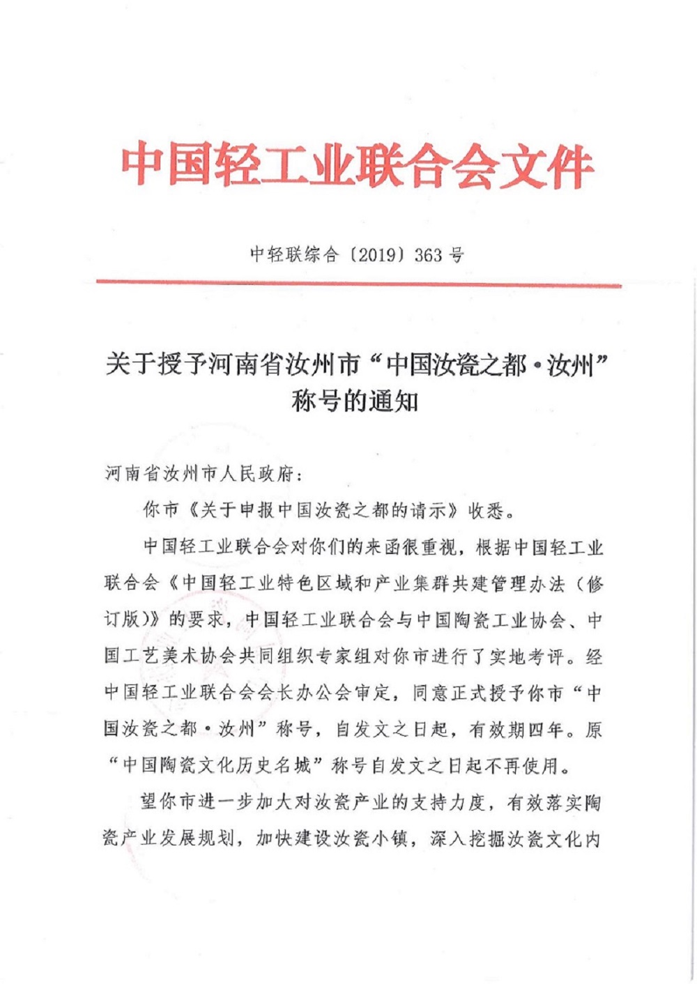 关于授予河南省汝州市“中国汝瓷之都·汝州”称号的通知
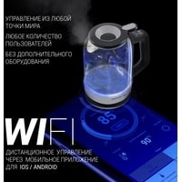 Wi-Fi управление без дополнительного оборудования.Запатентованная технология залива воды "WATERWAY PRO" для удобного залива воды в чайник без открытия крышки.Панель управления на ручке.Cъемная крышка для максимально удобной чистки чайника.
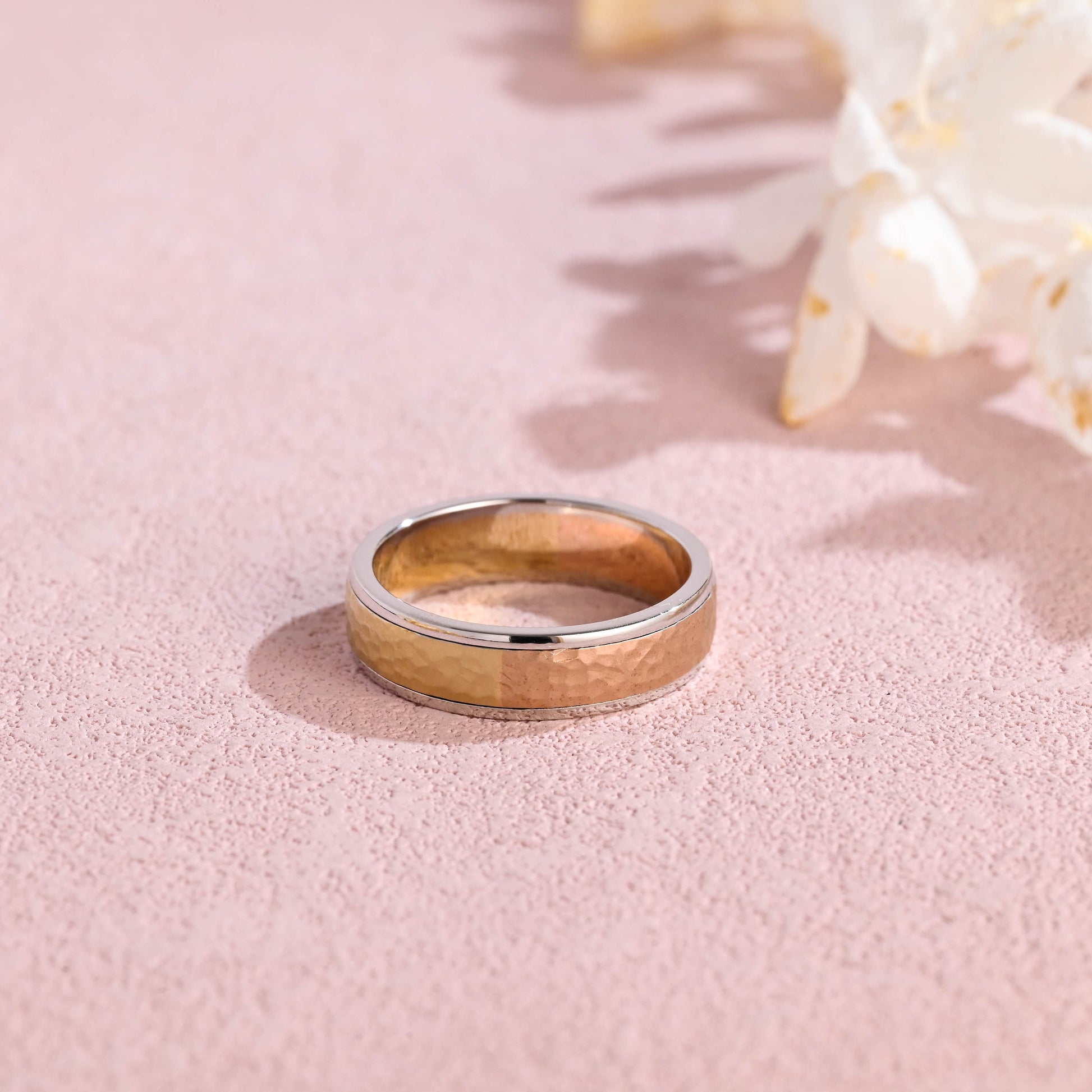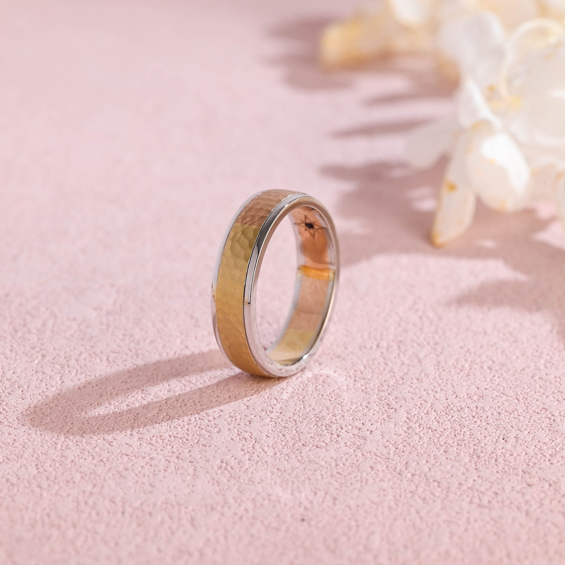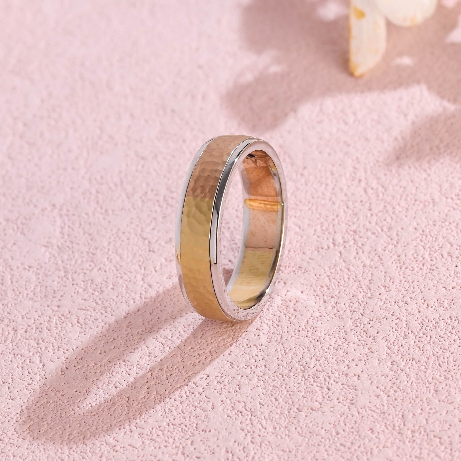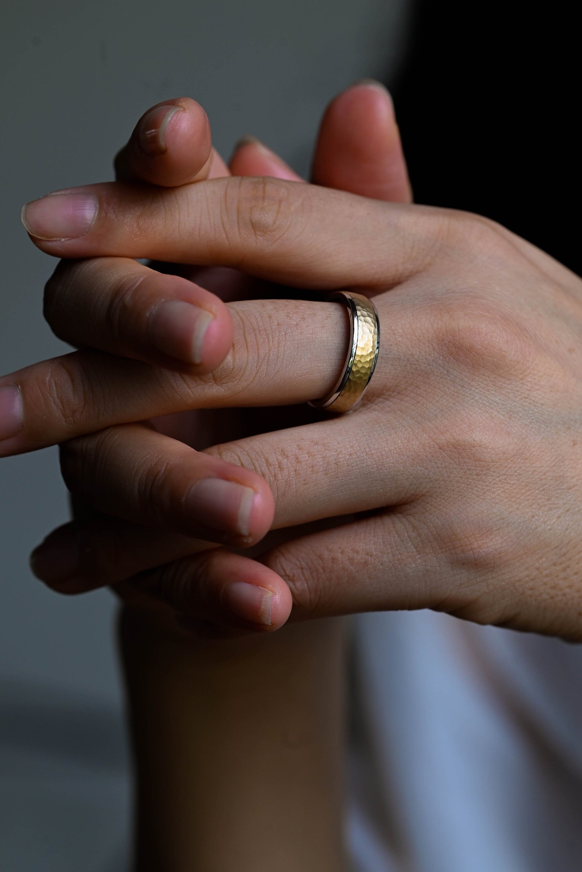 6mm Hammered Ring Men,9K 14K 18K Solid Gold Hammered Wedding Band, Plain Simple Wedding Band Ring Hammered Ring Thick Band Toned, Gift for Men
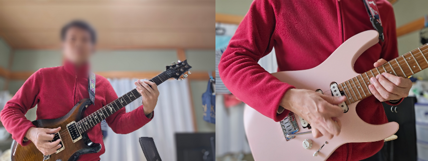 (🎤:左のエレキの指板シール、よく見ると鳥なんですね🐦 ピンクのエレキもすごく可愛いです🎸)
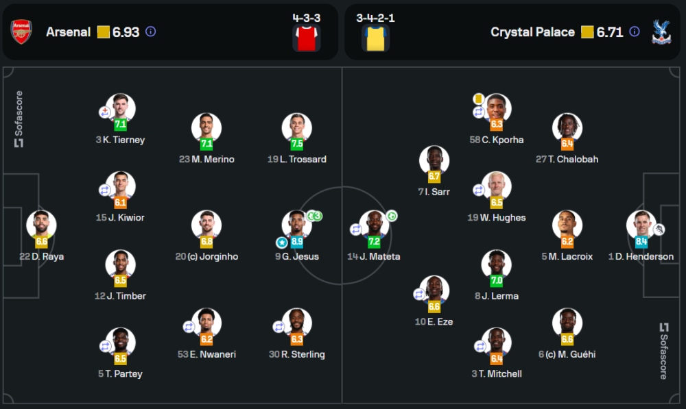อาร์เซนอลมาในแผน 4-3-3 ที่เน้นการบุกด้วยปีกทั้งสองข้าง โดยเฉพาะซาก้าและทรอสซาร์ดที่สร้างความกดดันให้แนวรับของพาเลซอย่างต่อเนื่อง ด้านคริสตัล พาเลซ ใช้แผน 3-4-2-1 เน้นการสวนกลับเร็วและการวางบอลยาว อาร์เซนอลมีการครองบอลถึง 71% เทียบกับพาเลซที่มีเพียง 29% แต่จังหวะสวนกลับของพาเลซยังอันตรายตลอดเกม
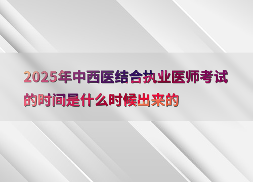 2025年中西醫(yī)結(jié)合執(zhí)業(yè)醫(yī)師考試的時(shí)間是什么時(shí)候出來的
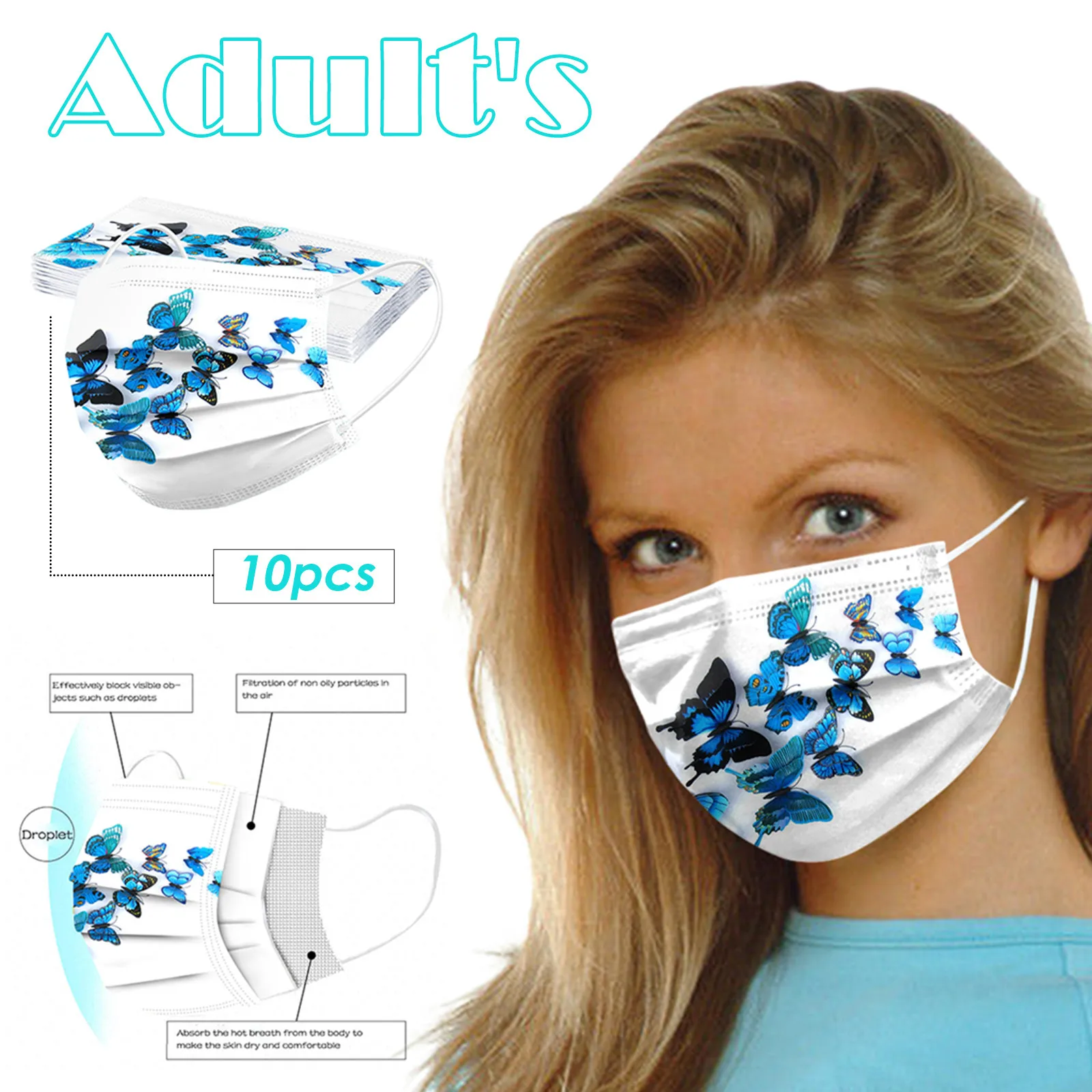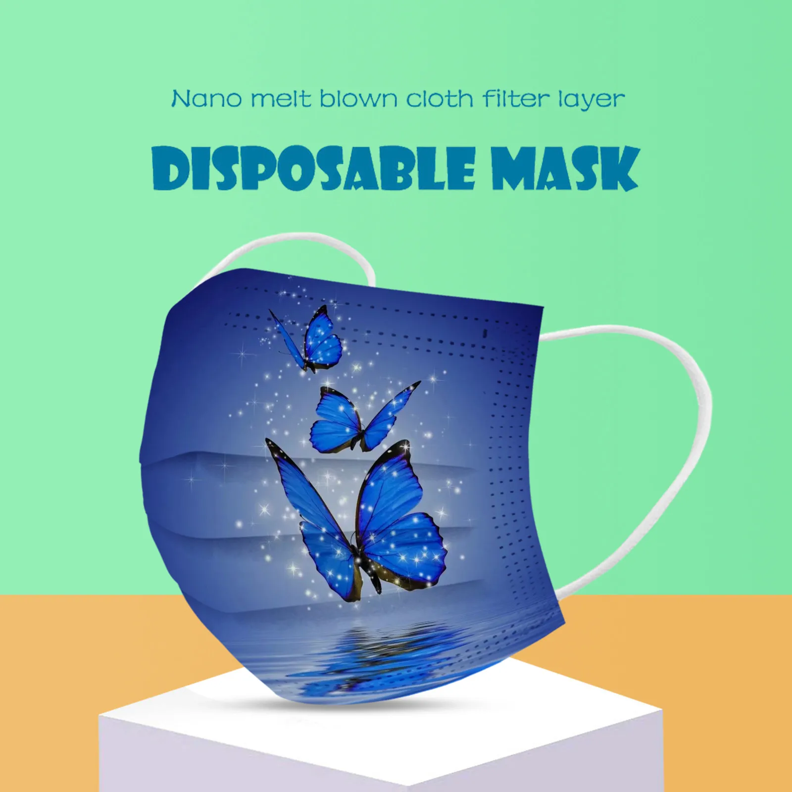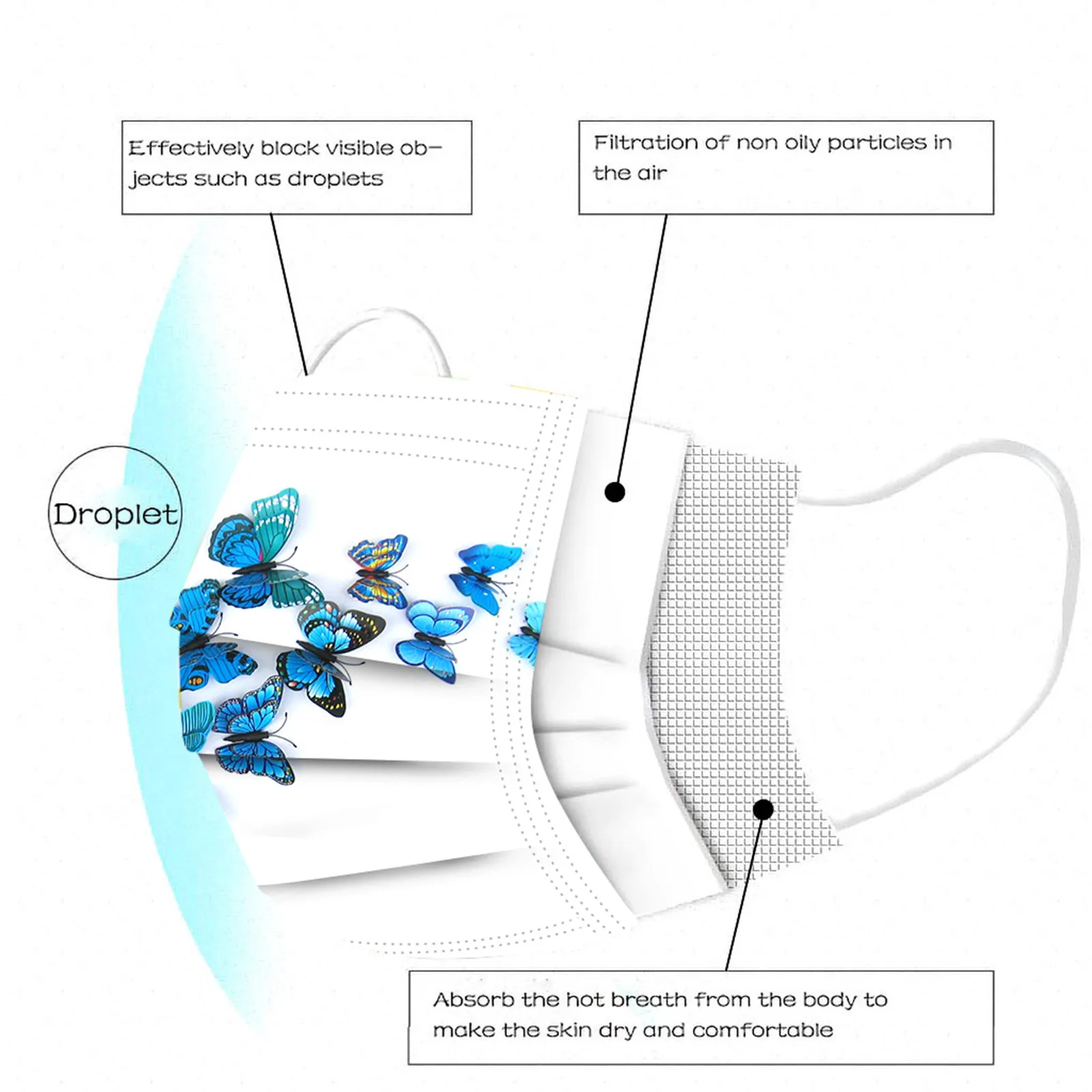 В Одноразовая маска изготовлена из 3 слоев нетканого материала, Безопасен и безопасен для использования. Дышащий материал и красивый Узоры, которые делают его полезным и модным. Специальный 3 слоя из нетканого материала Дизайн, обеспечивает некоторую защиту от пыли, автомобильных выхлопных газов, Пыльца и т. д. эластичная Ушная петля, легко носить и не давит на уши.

Your task:
Using the records above, return verbatim only the part that opens with the line containing "(🎤:左のエレキの指板シール" and closes with the line containing "2025年中西醫(yī)結(jié)合執"; pictures stay out.

Result of this exercise:
 (🎤:左のエレキの指板シール、よく見ると鳥なんですね🐦 ピンクのエレキもすごく可愛いです🎸)
อาร์เซนอลมาในแผน 4-3-3 ที่เน้นการบุกด้วยปีกทั้งสองข้าง โดยเฉพาะซาก้าและทรอสซาร์ดที่สร้างความกดดันให้แนวรับของพาเลซอย่างต่อเนื่อง ด้านคริสตัล พาเลซ ใช้แผน 3-4-2-1 เน้นการสวนกลับเร็วและการวางบอลยาว อาร์เซนอลมีการครองบอลถึง 71% เทียบกับพาเลซที่มีเพียง 29% แต่จังหวะสวนกลับของพาเลซยังอันตรายตลอดเกม
 2025年中西醫(yī)結(jié)合執(zhí)業(yè)醫(yī)師考試的時(shí)間是什么時(shí)候出來的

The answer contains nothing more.